All of which was also clear on paper. The Marble Arch Mound is the transparent architectural embodiment of the cultural, corporate, and governmental institutions that brought it into being, of the strategic assumptions, values, and decision-making processes they used, and of the vision, constraints, and compromises they imposed.

Delia Gebrial’s tweet summed up the situation so succinctly, it became part of the headline for the Financial Times’ report on the Mound’s managerial failures: “I saw the marble arch mound today and honestly, i’m besotted and obsessed with how rubbish it is. it truly is a monument to 2021.”

I cannot believe I have a picture of this piece of garbage on my internet website. via bloomberg/citylab

Just as the Vessel embodies Bloomberg-era New York real estate oligarchs’ compulsion for trophy spectacle, whereby an Eiffel Tower to yourself that turns out to be an ill-conceived suicide machine, the Marble Arch Mound captures this privatized, austerity-riddled, authoritarian, kakistocratic, pandemic moment in London with a truly terrible clarity. This Potemkin Village Green of a public building induces amazement and awe, at least from afar. If only it could outlive the political calamity that built it.

Bruce Goff Christmas Tree

Jerri Hodges Bonebrake posing with a Christmas tree she created with Bruce Goff at the University of Oklahoma School of Architecture, image via ou.edu

Bruce Goff was the head of the architecture school at the University of Oklahoma from 1948 until 1955, and though her job title was secretary, Jerri Hodges was the administrative backbone and shadow student of the whole, utopian affair. The architecture school was housed under the bleachers of the football stadium, and the space and Goff’s experimental leanings meant the whole place was abuzz with unconventional techniques, materials, exhibitions, productions, and who knows what.
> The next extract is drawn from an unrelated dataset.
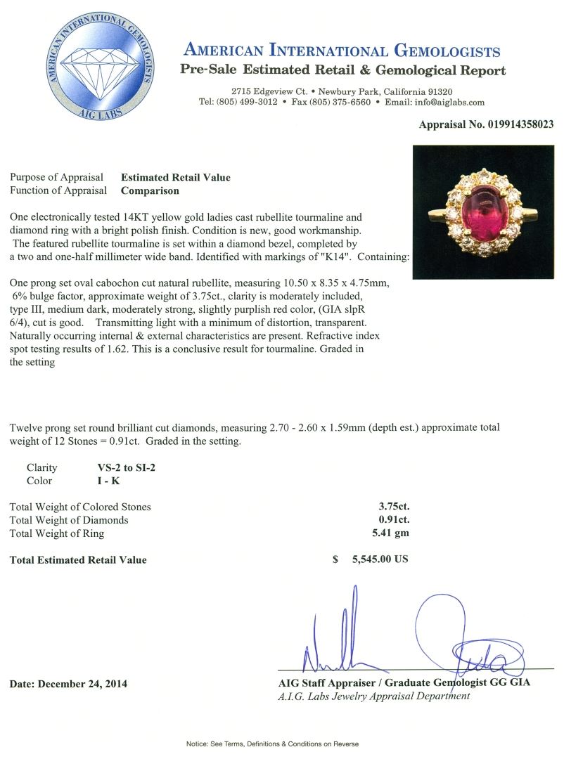 One electronically tested 14KT yellow gold ladies cast rubellite tourmaline and diamond ring with a bright polish finish. The featured rubellite tourmaline is set within a diamond bezel, completed by a two and one-half millimeter wide band. Identified with markings of "K14". Condition is new, good workmanship. Containing: One prong set oval cabochon cut natural rubellite, measuring 10.50 x 8.35 x 4.75mm, 6% bulge factor, approximate weight of 3.75ct., clarity is moderately included, type III, medium dark, moderately strong, slightly purplish red color, (GIA slpR 6/4), cut is good. Transmitting light with a minimum of distortion, transparent. Naturally occurring internal & external characteristics are present. Refractive index spot testing results of 1.62. This is a conclusive result for tourmaline. Graded in the setting. Twelve prong set round brilliant cut diamonds, measuring 2.70 - 2.60 x 1.59mm (depth est.) approximate total weight of 12 Stones = 0.91ct. Graded in the setting. Clarity: VS-2 to SI-2. Color: I - K. Total Weight of Colored Stones 3.75ct. Total Weight of Diamonds 0.91ct. Total Weight of Ring 5.41 grams. AIG Appraised at $5,545.00.

So maybe this Christmas tree made of a myriad of ornaments, snowflakes, and papercraft decorations suspended in space on vertical strings of beads fit right in, and it’s only us, in the future more conventional and bleaker than Goff imagined, who marvel at it. We should be lucky they even thought to take a picture. The catalogue for the 2010 Goff exhibition “Renegades” says they were doing stuff like this all the time. Also, the library’s online gallery only names her, the print version gives Hodges co-credit for the Christmas tree. [h/t @joshlipnik via @cmonstah]

Chandigarh Find

Pierre Jeanneret, Office Armchair PJ-SI-28-B, India, designed c. 1955
Teak, plasticized string, nylon, aluminum, image: patrickparrish.com

I love Pierre Jeanneret’s furniture for Chandigarh, and I hate the Chandigarh Furniture Industrial Complex. I am relieved that these objects that once were abandoned for scrap are now preserved, but I hate that the cultural context is being stripped away, and that for their value and significance to be recognized, they must be removed and fed through the luxury design machinery of the West. I love seeing this furniture aging and bearing its history, and I hate seeing it stripped and restored and altered into just one more must-have for some instagram junkie to stuff into their Axel Vervoordt McMonastery.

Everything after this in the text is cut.